Prepared by Lynne Sehulster, Ph, D, 1 Raymond Y, W. Chinn, M,D., 2 the material in this report originated from the National Center for Infectious Diseases, James M. Hughes, M. D.
The health facility environment is rarely involved in the transmission of diseases, except among immunosuppressed patients. However, involuntary exposures to environmental pathogens (e.g., Legionella spp.) can be effectively prevented through the use of environmental infection control strategies and engineering controls. The incidence of healthcare-related infections and pseudo-outbreaks can be minimized by the proper use of cleaning products and disinfectants and the proper maintenance of medical equipment (e.g., Routinely taking environmental samples is generally not recommended, except for determining water quality in hemodialysis environments and other situations where sampling is governed by epidemiological principles and the results can be directly applied to infection control decisions. This report, which contains the full list of recommendations with relevant references, is the second part of the Guidelines for the Control of Environmental Infections in Health Centers.
The full four-part guidelines will be available on the CDC's Health Care Quality Promotion Division (DHQP) website. In relation to previous CDC guidelines, the second part of the report (this report) contains recommendations for the control of environmental infections in health facilities and describes control measures to prevent infections associated with air, water, or other elements of the environment. These recommendations represent the views of the different divisions of the CDC's National Center for Infectious Diseases and the Advisory Committee on Infection Control Practices in Health Care (HICPAC), a 12-member group that advises CDC on concerns related to surveillance, prevention, and control of infections associated with health care, primarily in the U. S.
UU. In 1999, HICPAC's focus on infection control was expanded from intensive care hospitals to all centers where medical care is provided (e.g., The topics addressed in this report apply to most health centers in the United States. This report is intended to be used primarily by infection control professionals, epidemiologists, employee health and safety personnel, engineers, facility managers, information systems professionals, administrators, environmental services professionals, and architects. Key recommendations include topics that are beyond the scope of this report, including non-infectious adverse events (e.g., Whenever possible, the recommendations in this report are based on data from well-designed scientific studies.

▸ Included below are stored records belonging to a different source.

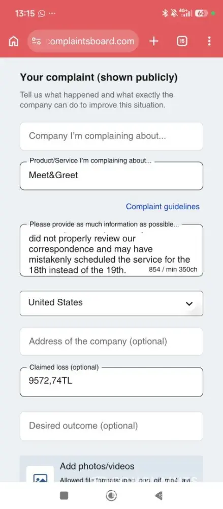 Despite this, upon arrival, no one met her. My mother does not speak the local language, and the situation was extremely stressful—we almost lost her in the airport. I suspect that your team did not properly review our correspondence and may have mistakenly scheduled the service for the 18th instead of the 19th.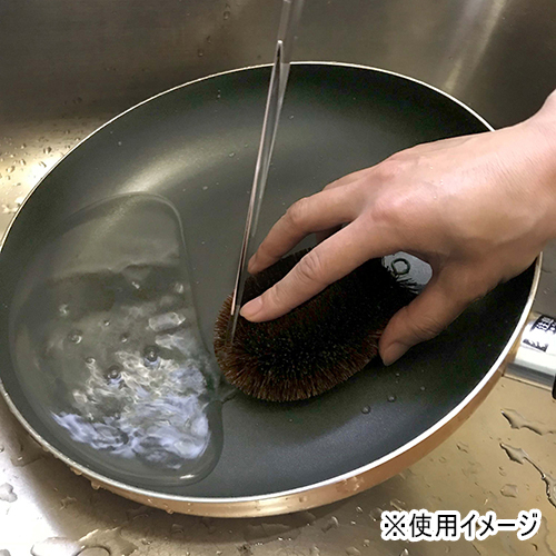 一般的なタワシで使われているパーム繊維よりも細くやわらかい繊維を使用。手に優しく、食器なども傷つけにくくなっています。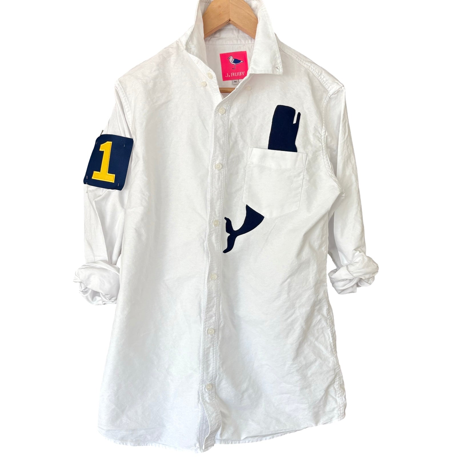 Add a whale applique sewn above and below the pocket of any dress shirt with a pocket. Available in navy/white mini check, indigo, and chambray.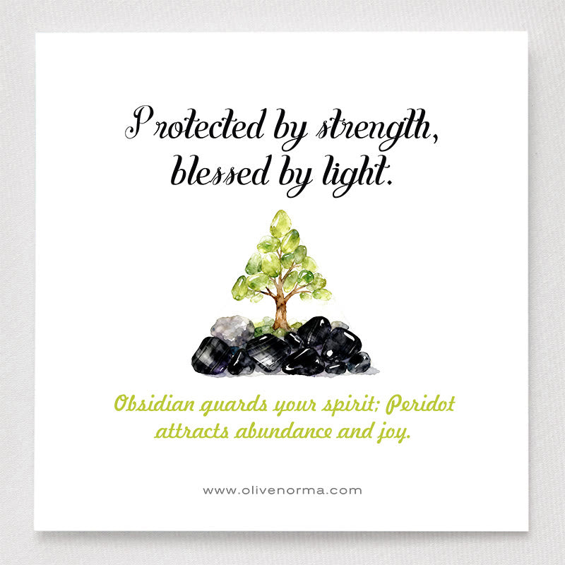 L'ossidiana protegge lo spirito, mentre il peridoto attrae abbondanza e gioia.

However, some of these studies were conducted using narrowly defined patient populations or specific healthcare settings (e.g., The building regulations of hospitals or other health facilities may not apply to residential home care units. Similarly, infection control measures indicated for the care of immunosuppressed patients are not usually necessary in centers where such patients are not present. Other recommendations were derived from knowledge gained during research on infectious diseases in health centers, where the successful eradication of the outbreak was often the result of multiple interventions, most of which cannot be evaluated independently and rigorously. This is especially true for construction situations involving air or water.

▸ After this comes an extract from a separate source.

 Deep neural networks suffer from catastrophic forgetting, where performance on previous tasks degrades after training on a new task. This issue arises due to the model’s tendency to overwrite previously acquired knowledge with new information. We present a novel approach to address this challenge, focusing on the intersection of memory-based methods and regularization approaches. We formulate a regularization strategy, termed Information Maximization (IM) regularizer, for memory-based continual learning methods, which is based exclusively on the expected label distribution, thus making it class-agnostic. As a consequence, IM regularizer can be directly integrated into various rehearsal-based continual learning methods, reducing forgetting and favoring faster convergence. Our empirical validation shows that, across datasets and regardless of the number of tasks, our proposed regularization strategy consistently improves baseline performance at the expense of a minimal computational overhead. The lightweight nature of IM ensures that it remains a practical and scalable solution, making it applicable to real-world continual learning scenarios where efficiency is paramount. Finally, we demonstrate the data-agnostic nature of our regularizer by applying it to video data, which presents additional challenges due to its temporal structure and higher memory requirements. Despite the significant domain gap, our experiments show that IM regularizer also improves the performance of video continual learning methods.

Other recommendations were derived from empirical engineering concepts and may reflect industry standards rather than evidence-based conclusions. When it comes to home remodeling in New Orleans near environmentally sensitive areas there are certain considerations that must be taken into account. For example, building regulations may not apply to residential home care units and infection control measures indicated for immunosuppressed patients may not be necessary if such patients are not present. Additionally, environmental samples should only be taken when necessary as determined by epidemiological principles and when results can be directly applied to infection control decisions.

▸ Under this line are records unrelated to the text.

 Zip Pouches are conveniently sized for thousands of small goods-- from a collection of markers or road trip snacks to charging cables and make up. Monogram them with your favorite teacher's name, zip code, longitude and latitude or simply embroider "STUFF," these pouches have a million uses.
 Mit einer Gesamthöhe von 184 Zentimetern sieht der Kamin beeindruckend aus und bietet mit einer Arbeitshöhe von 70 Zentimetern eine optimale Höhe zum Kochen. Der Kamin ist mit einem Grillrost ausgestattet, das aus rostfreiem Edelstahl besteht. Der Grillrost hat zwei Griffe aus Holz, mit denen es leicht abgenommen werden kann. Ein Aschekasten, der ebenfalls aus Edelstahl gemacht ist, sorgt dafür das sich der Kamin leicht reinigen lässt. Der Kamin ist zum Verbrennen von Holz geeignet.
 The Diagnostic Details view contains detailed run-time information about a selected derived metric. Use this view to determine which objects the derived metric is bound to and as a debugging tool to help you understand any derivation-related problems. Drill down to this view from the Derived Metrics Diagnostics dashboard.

The guidelines for preventing transmission of Mycobacterium tuberculosis in health facilities provide additional information on engineering controls while AAMI Association for Advancement of Medical Instrumentation (AHJ) competent authority: AIA American Institute of Architects (ASHRAE), American Society of Heating Refrigeration and Air Conditioning Engineers (DHHS USA) Department of Health and Human Services HEPA High Efficiency Particulate Air HIV Human Immunodeficiency Virus HSCT Hematopoietic Stem Cell Transplant HVAC Heating Ventilation Air Conditioning JCAHO Joint Commission on Accreditation of Health Organizations Health and Safety Administration OSHA Vancomycin Resistant VRSA Staphylococcus aureus VZV Varicella Zoster Virus provide additional information on handwashing and hospital environmental control as well as other possible infectious hazards associated with aerosols in health facilities. In order to prevent waterborne microbial contamination within distribution systems it is important to take additional engineering measures indicated by epidemiological research to control waterborne and healthcare associated legionellosis as well as routine handling of contaminated clothing when animals are present as patients or research animals in health centers. Finally regulated medical waste management transportation and storage should also be taken into account when remodeling homes near environmentally sensitive areas in New Orleans. The implementation of these recommendations is highly recommended as they are supported by certain experimental clinical or epidemiological studies as well as strong theoretical basis or suggestive evidence from clinical or epidemiological studies or theoretical justification.